Multi-view feature extraction has shown particular promise in ore classification tasks, where the complementary nature of different feature representations becomes crucial for accurate mineral identification. The single-view limitation of individual CNNs becomes particularly pronounced in this domain: ResNet excels at capturing global morphology but may miss fine local texture details in ore samples [27], while MobileNetV2 captures local cues effectively but struggles to establish long-range dependencies that are crucial for classes like magnetite, where both global compactness and local luster inform the decision boundary. However, applying multi-feature extraction to iron ore classification faces notable challenges: feature selection is often manually curated and not dynamically adapted to ore-specific differences—e.g., emphasizing global features for hematite versus local features for ilmenite—leading to cross-class generalization gaps when fixed combinations are used. Additionally, feature dimensionality and scaling mismatch are pronounced; descriptors from different methods can vary widely in magnitude and dimension, and standard normalization is insufficient to eliminate scale dominance, causing large-feature spaces to overshadow informative small-feature spaces during fusion [28]. Moreover, small-sample representativeness remains limited: data scarcity undercuts coverage of the feature space, especially for minority classes, impairing their classification accuracy relative to majority classes [29].

2.2. Evolutionary Deep Fusion

Realizing the full utility of multi-feature extraction hinges on effective fusion. Traditional fusion often relies on fixed rules and manual heuristics, constraining adaptability. Evolutionary deep fusion reframes the end-to-end process—feature selection, operator choice, and weight allocation—as an evolutionary search problem, leveraging GA, PSO, or DE to automate fusion design. For example, Fu et al. proposed a GA-based Trusted Evolutionary Fusion framework, enhancing cross-view interaction and boosting classification accuracy across datasets [30]. Liang et al.’s evolutionary deep fusion (EDF) encodes fusion designs as chromosomes, improving chemical structure recognition accuracy by 3.08–3.35% over manual fusion [31]. Yang et al. applied DE to optimize multi-omics fusion weights, lifting agricultural phenotypic prediction accuracy significantly [32], while Zhang et al. used PSO for adaptive multimodal fusion in gesture recognition, outperforming manual strategies [33].

Single-objective evolutionary fusion is limited in complex tasks; multi-objective evolutionary fusion has emerged to balance accuracy and complexity. Kaur and Singh [25] introduced a multi-objective DE-based medical image fusion technique that uses non-dominated sorting to select solutions with high discriminability and low fusion loss, obviating handcrafted rules and outperforming single-objective counterparts in preserving modality-specific information. Huang et al. [34] proposed a DRL-guided multi-objective evolutionary algorithm with a serial–parallel mechanism, achieving 2.5–5.9% improvements in IGD+ over traditional methods on IDMP benchmarks.

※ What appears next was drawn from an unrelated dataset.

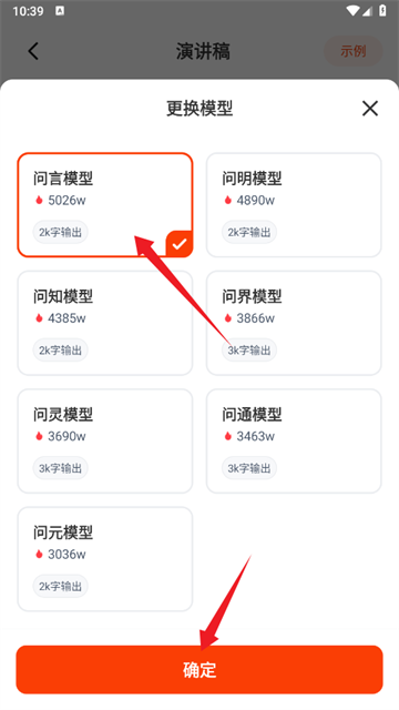 4、比如演讲稿这类内容。像图里展示的那样,第一步是选择【模型】选项,从前面提到的那些模型里挑选一个,接着点击确定按钮。

Despite these advances, current evolutionary deep fusion methods face several fundamental challenges that limit their effectiveness in complex classification tasks, particularly when applied to iron ore classification. First, search efficiency becomes inadequate when dealing with large design spaces induced by multi-feature inputs. With n pretrained models, the search encompasses

2^{n}

model subsets and continuous fusion weights, creating an exponentially complex optimization landscape where baseline evolutionary strategies are prone to local minima and exhibit runtime characteristics that far exceed real-time constraints. Second, encoding schemes lack adaptability: binary encodings combining feature selection and weights fail to accommodate view-wise dimensional heterogeneity, undermining complementarity—e.g., global features from ResNet-50 blend optimally via averaging with local features from MobileNetV2, whereas DenseNet-121’s dense features may fuse more effectively via max pooling with InceptionV3’s multi-scale features. These limitations become particularly pronounced in iron ore classification tasks, where the unique characteristics of ore images—including complex mineralogical variations, diverse visual characteristics across different iron ore types, and the need for precise discrimination of subtle differences in texture, color, and morphology—exacerbate the challenges of search efficiency and encoding adaptability. Additionally, recent advances in multi-modal fusion have demonstrated significant improvements across various domains, with electroencephalography-based emotion recognition showing particular promise through spatio-temporal representation fusion learning networks (STRFLNet) that employ hierarchical transformer fusion modules, while systematic analysis reveals persistent challenges, including noise susceptibility, individual differences, and limited dataset diversity that highlight the need for adaptive fusion mechanisms [35,36].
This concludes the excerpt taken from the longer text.